我有一个由下面的数据组成的树结构。当我输入任何人的 _id 值时,我需要一个搜索算法来找到最高领导者,无论领导者还是 child。
例如,如果输入是 "615e8215c3055d1addc216b0"(Rahman 的 ID)或 "61164b4bc08f86505e7dcdd8"(Aaron Aziz 的 ID),它应该 return “Aaron Aziz”的 ID因为他是领导者。

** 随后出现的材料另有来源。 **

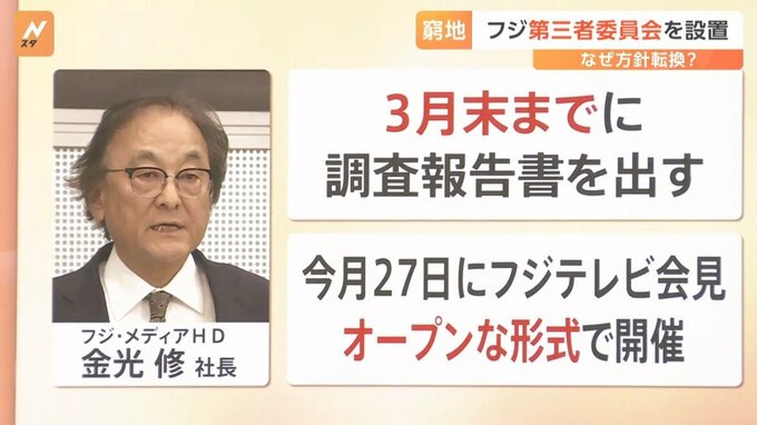 フジ・メディアHD 金光修社長は「3月末までに調査報告書を出す」「1月27日にフジテレビとして会見を行う、オープンな形式で開催する」と話しました。

数据结构本质上有一个 2 级结构,其中每个 top-level 条目都有对其直接 children 的引用。请注意,child 可能再次作为领导者(在顶层)出现,以便指定更深层次的连接:
"families": [
{
"datecreated": "2021-10-06T07:39:28.988Z",
"_id": "615d52cb7cc6d32978afa694",
"leader": {
"_id": "61164b4bc08f86505e7dcdd8",
"name": "Aaron Aziz"
},
"children": [
{
"datejoined": "2021-10-06T07:39:28.988Z",
"_id": "615d52cb7cc6d32978afa695",
"child": {
"_id": "615c15c66dd91a2d4385ac84",
"name": "Amirul Adha"
}
},
{
"datejoined": "2021-10-06T08:04:52.122Z",
"_id": "615d58cf0f045f320cb28706",
"child": {
"_id": "615d58b40f045f320cb28701",
"name": "Samirul Ali"
}
}
]
},
{
"datecreated": "2021-10-07T05:12:22.671Z",
"_id": "615e8475c3055d1addc216b5",
"leader": {
"_id": "615c15c66dd91a2d4385ac84",
"name": "Amirul Adha"
},
"children": [
{
"datejoined": "2021-10-07T05:12:22.671Z",
"_id": "615e8475c3055d1addc216b6",
"child": {
"_id": "615e8215c3055d1addc216b0",
"name": "Rahman"
}
}
]
},
{
"datecreated": "2021-10-07T08:52:47.840Z",
"_id": "615eb630e0cc0d22281bb282",
"leader": {
"_id": "615e8215c3055d1addc216b0",
"name": "Rahman"
},
"children": [
{
"datejoined": "2021-10-07T08:52:47.840Z",
"_id": "615eb630e0cc0d22281bb283",
"child": {
"_id": "615eb60de0cc0d22281bb27d",
"name": "Aizi"
}
}
]
}
]
我创建了一个递归函数。但是当我输入没有 children 的 child 时,它是 return 兄弟而不是 parent。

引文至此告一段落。